But it is not a feast; it is for a much more grim and gruesome function that the fires are blazing on the quay of Leith. Twenty years before, the mate who with the skipper is watching the flickering flames and the black figures which pass and repass before them, has run away from his home and his widowed mother, drawn by the allurements of the adventurous life of the, sea, and now he is returning to her who, he knows, has been waiting for him so wearily, perhaps so despairingly. He leaps on shore and eagerly speeds to the familiar cottage, but though there are lights on the shore there are 171 none in the little window. Still, his mother may be safely asleep in bed, but his eager knocking meets with no reply. The terrible thought of death overwhelms his spirit, though he does not, cannot guess the awful truth. A form draws near the darkness and reveals the haggard countenance of a kinswoman who slowly tells the piteous story. The superstitious pedant King James VI had landed at Leith trembling at the terrors of the sea, and convinced that the spells of witchcraft had raised the storm that had threatened his sacred person. When kings demanded witches there were plenty to find them, and among the three that were found was the lonely old woman.

            ‘“They bade her tell she had wrought the spell
                 That made the tempest blaw;
            They strippit her bare as a naked bairn,
            They tried her wi’ pincers and heated airn
                 Till she shriek’d and swooned awa’!

            ‘“O Robin, Robin, the King sat there,
                 While the cruel deed was done,
            And the clergy o’ Christ ne’er bade him spare
                 For the sake o’ God’s ain Son: . . .”

            ‘The lights of Leith: the lights of Leith:
                 Like Hell’s own lights they glow
            While the sailor stands with his trembling hands
                 Prest hard on his heart in woe.

            ‘“O Robin, Robin . . . they doom’d her to burn                                    172
                 Down yonner upon the quay . . .
            This night was the night . . . see the light, see the light:
                 How it burns by the side o’ the sea!”

The distraught man can hear no more: he rushes madly towards the pyramids of flame that redden the night.

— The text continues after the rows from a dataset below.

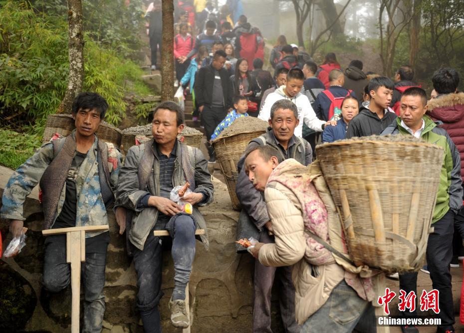 10月5日,海拔3000多米的峨眉山金顶,一些山道阶梯、宾馆正在维修,因无法使用机械,背山工们一次要背200斤左右的建材步行一公里的上行山道,每天往返10余趟将建筑材料送到工地。图为峨眉山金顶游道边上小憩的背山工们。中新社记者 刘忠俊 摄
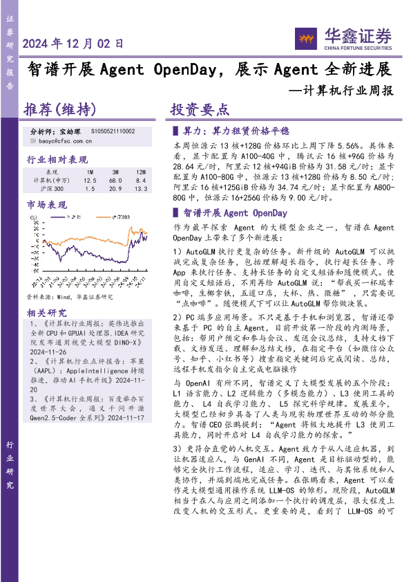 【华鑫证券】【20241202】20241202-华鑫证券-计算机行业周报:OpenDay,展示Agent全新进展-14页
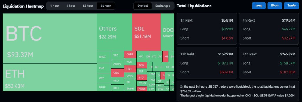 За последние сутки были ликвидированы позиции 88 337 трейдеров. Примерно $158 млн потерь пришлось на лонг-позиции, почти $108 млн — на шорт.

            ‘What madman is he who leaps in where they gleam,
                 Close, close to the centremost form?
            “O mither, O mither:” he cries with a scream,
                 That rings through the heart of the storm.

            ‘He can see the white hair snowing down through the glare,
                 The white face upraised to the skies—
            Then the cruel red blaze blots the thing from his gaze,
                 And he falls on his face—and dies.

            ‘The lights of Leith: the lights of Leith:
                 See, see they are flaming still:
            Through the clouds of the past their flame is cast
                 While the Sabbath bells ring shrill.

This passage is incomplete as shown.